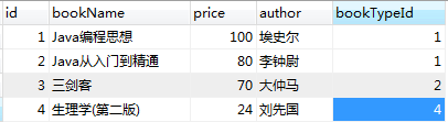 二、创建如下表结构(t_bookType)
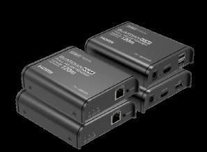 Kit KVM composto da trasmettitore e ricevitore progettati per estendere i segnali HDMI 1080p a 60Hz e due periferiche USB fino ad una distanza max di 60m su un singolo cavo di rete Cat.6 o superiore. Grazie al ripetitore di telecomando IR è possibile controllare la sorgente a distanza; la porta HDMI passante (Loop-Out) presente sul trasmettitore permette di collegare contemporaneamente un Monitor vicino ad esso. Funzione KVM: tramite le porte USB consentono di collegare ed estendere il controllo a distanza di tastiera e mouse. Supporta i segnali HD fino a 1080p, HDCP 1.3 e USB 1.1; compressione Audio LPCM/Dolby Digital/DTS HD. Questo Kit è facile da installare ed occupa poco spazio. Prodotto per uso semi - professionale adatto a negozi, uffici, entertainment, sale conferenze etc. Alimentazione 5V 1A (incluso).
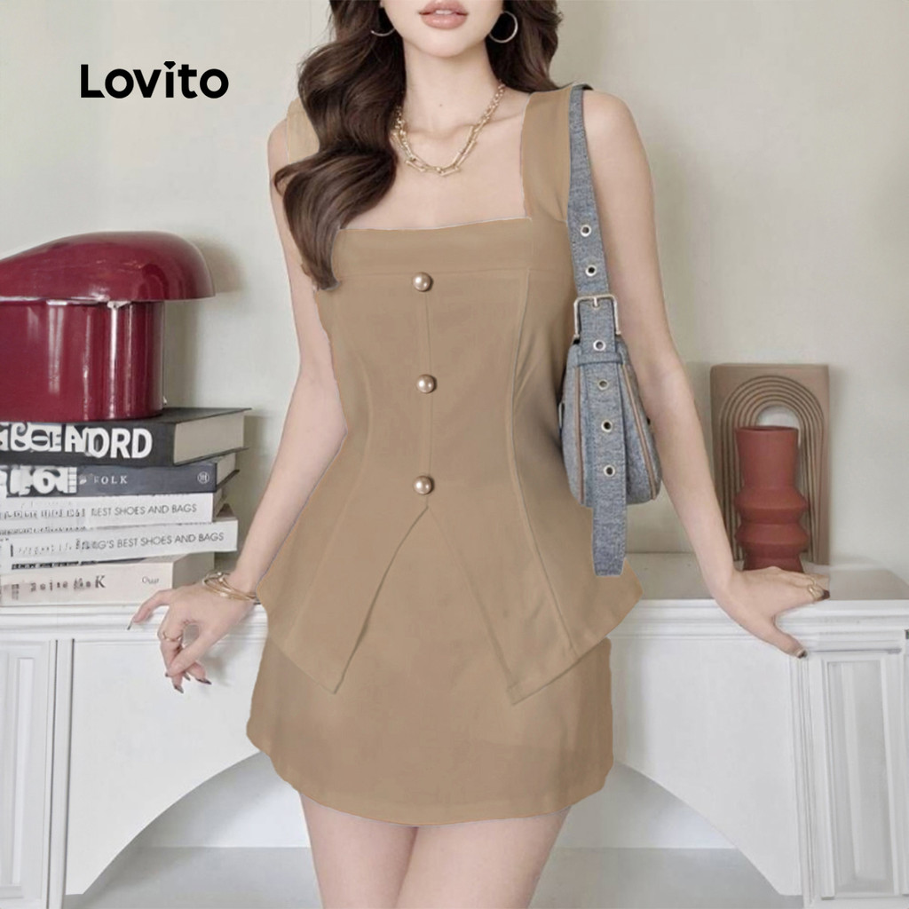Lovito Conjunto Elegante De Blusas E Calças Dia a Dia Clássico Versátil Botões Frontais Primavera/verão Mulher L149ED356

===

*Directions for this task*: Write the listing above out again exactly, but not the images it holds.

*Task answer*:
 二、创建如下表结构(t_bookType)
 Kit KVM composto da trasmettitore e ricevitore progettati per estendere i segnali HDMI 1080p a 60Hz e due periferiche USB fino ad una distanza max di 60m su un singolo cavo di rete Cat.6 o superiore. Grazie al ripetitore di telecomando IR è possibile controllare la sorgente a distanza; la porta HDMI passante (Loop-Out) presente sul trasmettitore permette di collegare contemporaneamente un Monitor vicino ad esso. Funzione KVM: tramite le porte USB consentono di collegare ed estendere il controllo a distanza di tastiera e mouse. Supporta i segnali HD fino a 1080p, HDCP 1.3 e USB 1.1; compressione Audio LPCM/Dolby Digital/DTS HD. Questo Kit è facile da installare ed occupa poco spazio. Prodotto per uso semi - professionale adatto a negozi, uffici, entertainment, sale conferenze etc. Alimentazione 5V 1A (incluso).
Lovito Conjunto Elegante De Blusas E Calças Dia a Dia Clássico Versátil Botões Frontais Primavera/verão Mulher L149ED356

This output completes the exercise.